Social determinants of physical functioning

SWAN research has examined social factors that may explain the observed differences in standard midlife physical functioning performance across racial and ethnic groups; in SWAN, Japanese women had better physical functioning compared to white women, but Black and Hispanic women had poorer physical functioning compared to white women.
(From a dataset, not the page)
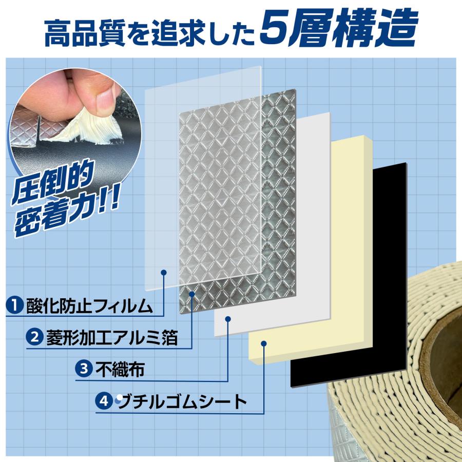 5層構造:酸化防止フィルム+菱形加工アルミ箔+不織布+ブチルゴムシート+保護フィルム。

These differences were partially explained by variations in socioeconomic status, body mass index, pain, and physical activity patterns across the race/ethnic groups.
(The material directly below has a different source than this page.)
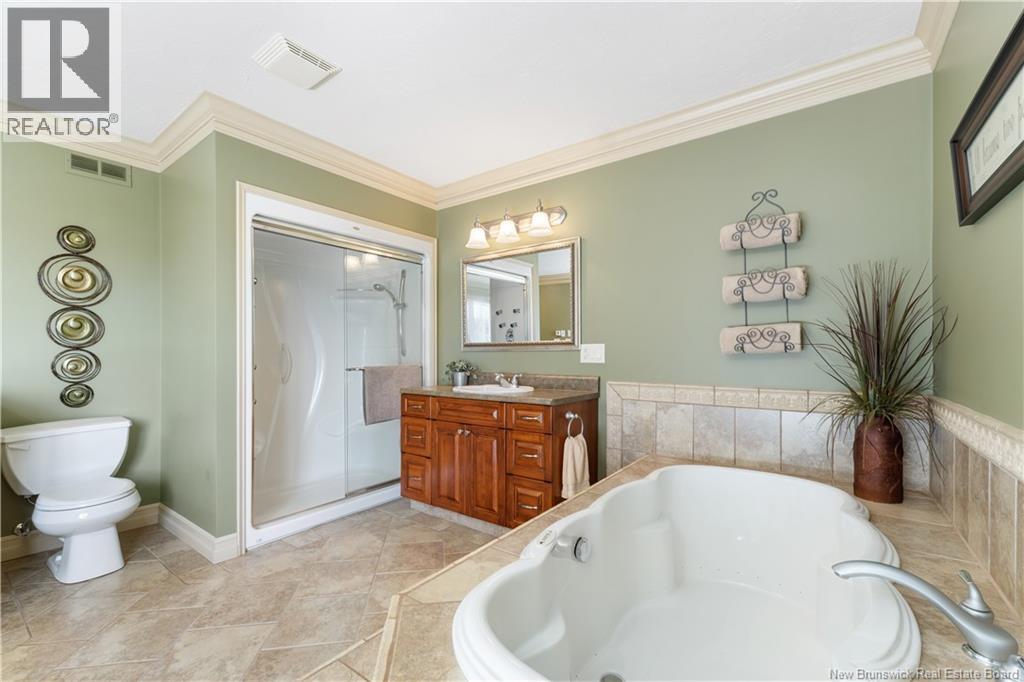 OPEN-CONCEPT / HEATED FLOOR / 3.2 ACRES / IMMACULATE / Welcome / Bienvenue to 3042 Route 132. The perfect property for those seeking the tranquility of country living with the convenience of being just minutes from the city. This immaculate, pride-of-ownership home is nestled on a beautifully landscaped 3.2-ACRE LOT. Step inside to a SPACIOUS, OPEN-CONCEPT main floor featuring a large kitchen and bright living room, perfect for family gatherings and entertaining. The main level also offers a generous primary bedroom complete with an open-concept ensuite bath and a walk-in closet. A second bedroom is also located on this floor, along with a half bath and laundry area. Across the home, you'll find a third (non-conforming) bedroom and access to a STUNNING DOUBLE CAR GARAGE with HEATED EPOXY FLOORING. The ENTIRE MAIN FLOOR has IN-FLOOR HEAT with a hot water boiler system, built on an overpour of concrete for excellent soundproofing. A mini-split heat pump adds year-round comfort. The fully finished basement is ideal for entertaining, featuring a spacious living area, two additional bedrooms, a 4-PC bath, a cold room, and ample storage. Outside, enjoy a private backyard oasis with a lovely deck, a detached garage, and beautiful brick landscaping. Located just 10 minutes from Dieppe and Shediac with quick highway access, this property truly offers the best of both worlds. Dont miss your chance to make this stunning home yours! Call your REALTOR® today! (id:34572)

Maintaining or improving physical function during midlife

Findings suggest that adherence to a healthy lifestyle is important for physical functioning. Women who did not smoke, engaged in regular physical activity, and maintained a healthy diet had better physical function as compared to women who had unhealthy lifestyle behaviors.

Women who consumed more fruits, vegetables, and fiber and less fat had better physical function. Furthermore, women who participated in high levels of physical activity, like running or walking very quickly, or in moderate levels of physical activity, like brisk walking or vacuuming, had better physical functioning than women with low physical activity.
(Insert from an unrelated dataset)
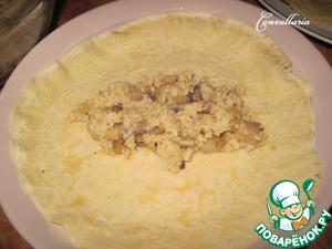 Порцию начинки выложить на блинчик и завернуть трубочкой.

Key physical health & function takeaways for women

The aging process, particularly midlife aging, is not synonymous with declines in physical functioning. In fact, findings from SWAN demonstrate that reports of physical functioning limitations are highly variable over time in individual women, thereby challenging the assumption of aging as a period of steady decline and highlighting the midlife as a life stage that may be particularly amenable for interventions to improve physical function. In particular, addressing conditions such as arthritis that onset during midlife and are associated with physical function limitations may be an important strategy to promote long-term well-being. The midlife period presents a unique opportunity to intervene and improve physical functioning trajectories.

Additionally, staying curious and engaged by learning new things and pursuing interests, practicing sun safety, maintaining a healthy weight, limiting alcohol consumption, and avoiding smoking contribute to overall longevity and well-being. By prioritizing physical activity, women can support their bone health, muscle strength, cardiovascular health, weight management and mental well-being, ultimately enhancing their quality of life as they age.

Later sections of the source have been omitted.